Goal of the exercise:
Give the data below again exactly as it stands. Omit the pictures.
┌─ Records for this exercise
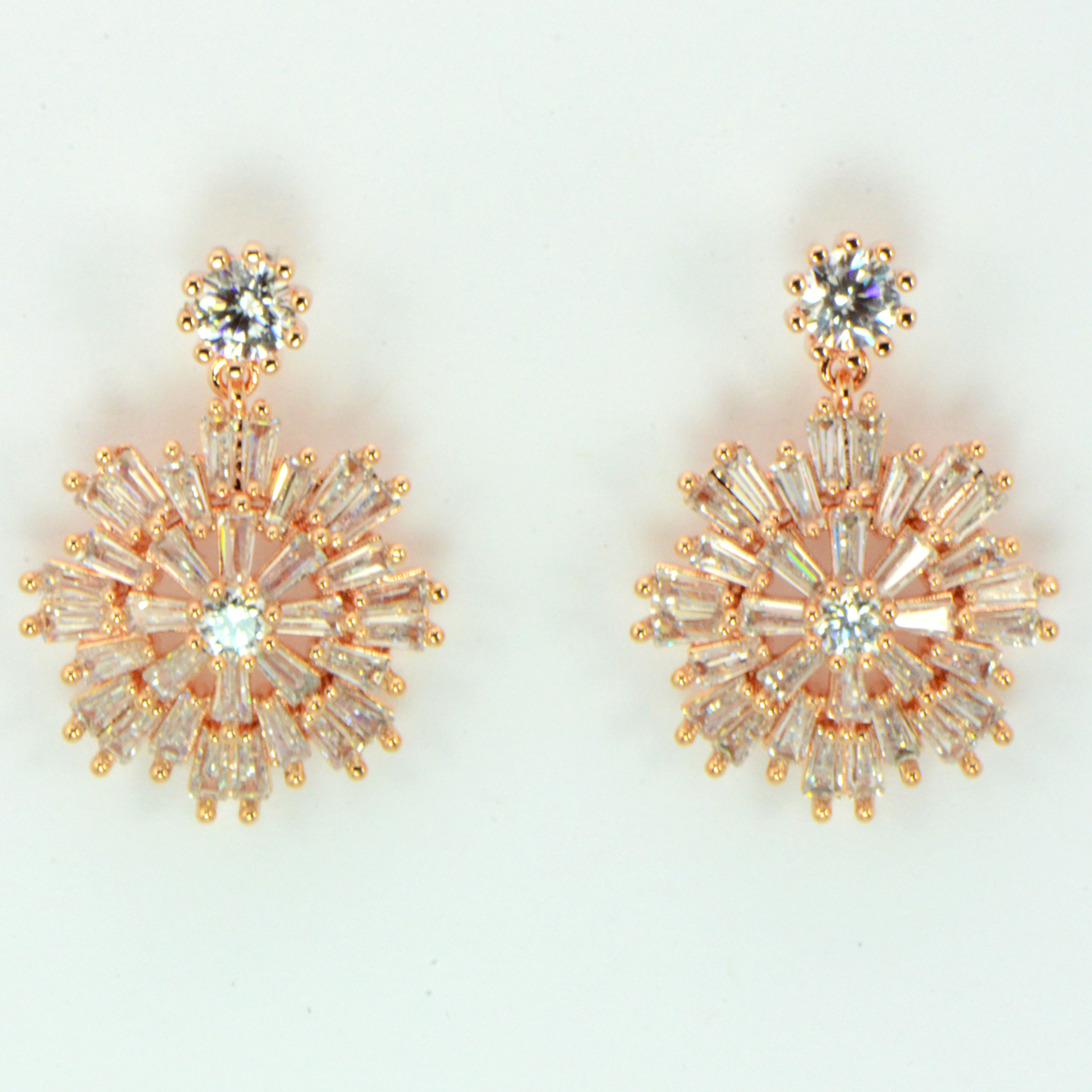 - High Quality Baguette Cut CZs in Snow Flake Design Drop in Rose Gold Finish Earrings
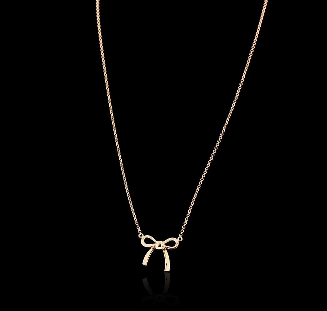One bow style necklace featuring: 14KT rose gold weighing 3.50 grams.
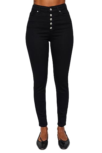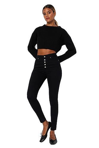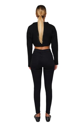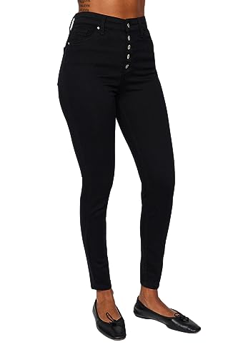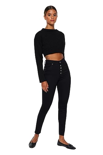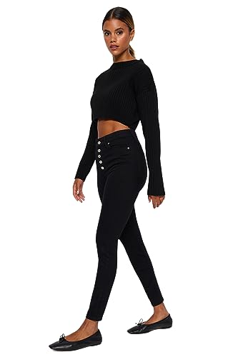 Trendyol - Trendyol Womens Fade-Resistant Black Body-Hugging Stretch Front Button High Waist Skinny Jeans Twoaw24Je00090 Jeans (pack of 1)
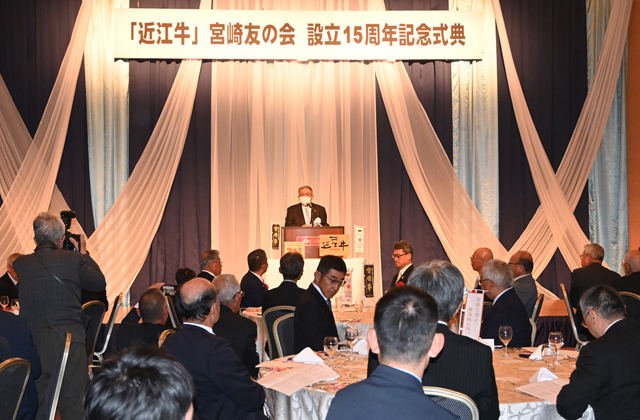 【近江八幡】「『近江牛』宮崎友の会」の設立15周年を祝う式典が先月29日、ホテルニューオウミで開かれ、これまでの関係強化の取り組みとその意義を振り返るとともに今後の会発展に期待を寄せた。
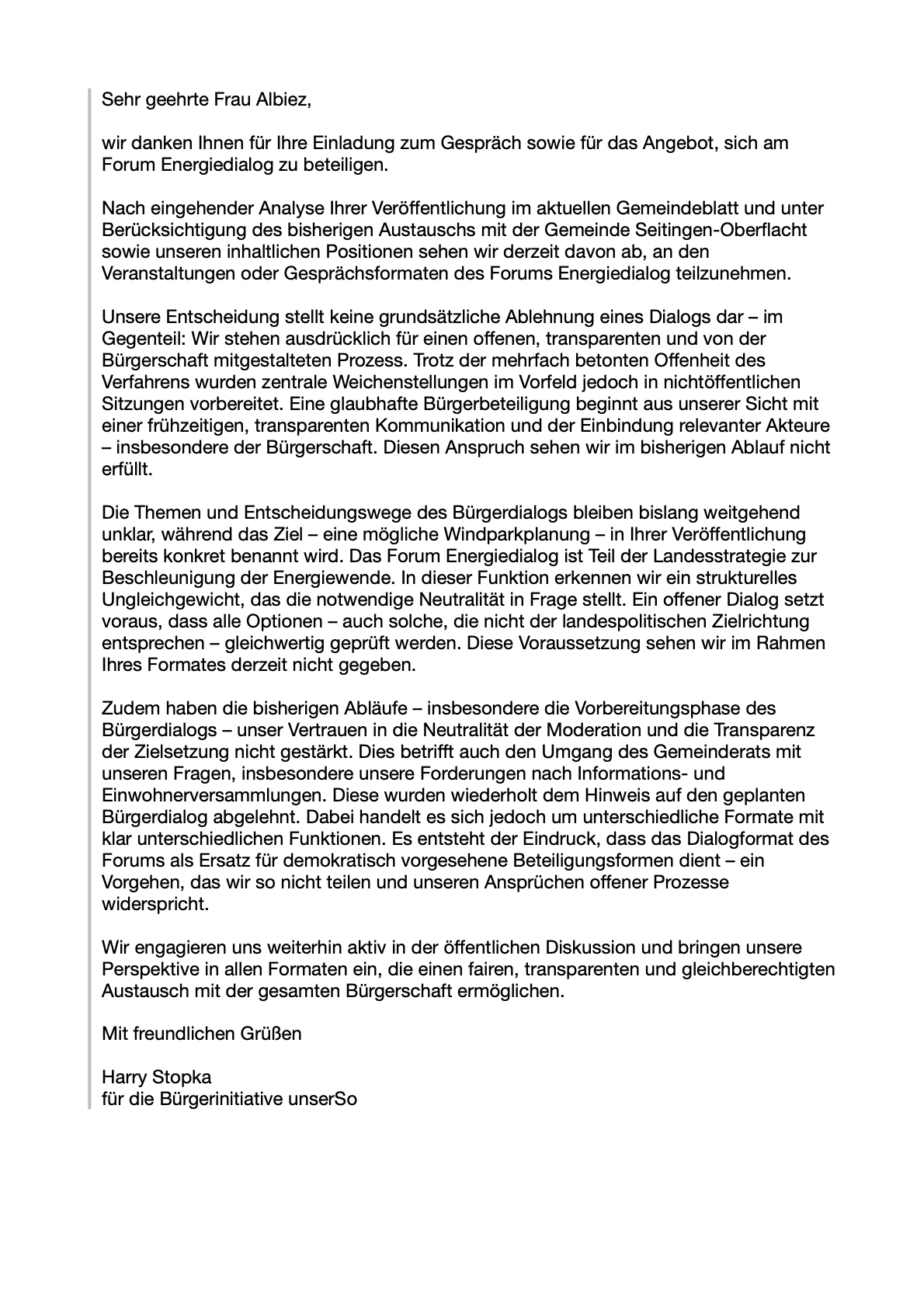 Warum lehnt die Bürgerinitiative unserSo die Einladung zur Teilnahme an dem angekündigt Energiedialog ab? Unsere Gründe.
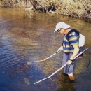 Stewart Reid surveying lamprey habitat in the Santa Margarita River.
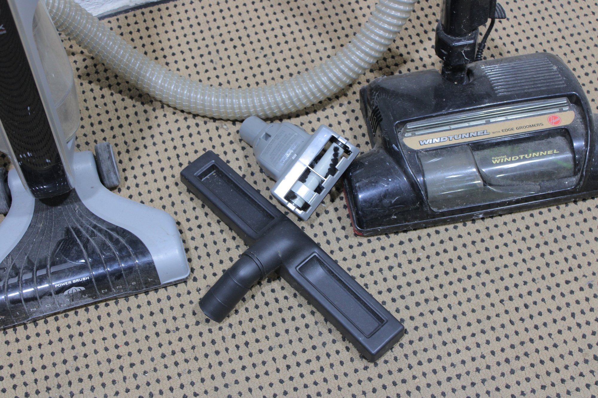 Mixed vacuum cleaner lot featuring a Eureka Boss WindTunnel canister vacuum along with a Hoover LINX stick vacuum and multiple cleaning attachments. A practical bundle ideal for home cleaning, resale, or spare parts.
└─
Solution to the problem:
 - High Quality Baguette Cut CZs in Snow Flake Design Drop in Rose Gold Finish Earrings
One bow style necklace featuring: 14KT rose gold weighing 3.50 grams.
 Trendyol - Trendyol Womens Fade-Resistant Black Body-Hugging Stretch Front Button High Waist Skinny Jeans Twoaw24Je00090 Jeans (pack of 1)
 【近江八幡】「『近江牛』宮崎友の会」の設立15周年を祝う式典が先月29日、ホテルニューオウミで開かれ、これまでの関係強化の取り組みとその意義を振り返るとともに今後の会発展に期待を寄せた。
 Warum lehnt die Bürgerinitiative unserSo die Einladung zur Teilnahme an dem angekündigt Energiedialog ab? Unsere Gründe.
 Stewart Reid surveying lamprey habitat in the Santa Margarita River.
 Mixed vacuum cleaner lot featuring a Eureka Boss WindTunnel canister vacuum along with a Hoover LINX stick vacuum and multiple cleaning attachments. A practical bundle ideal for home cleaning, resale, or spare parts.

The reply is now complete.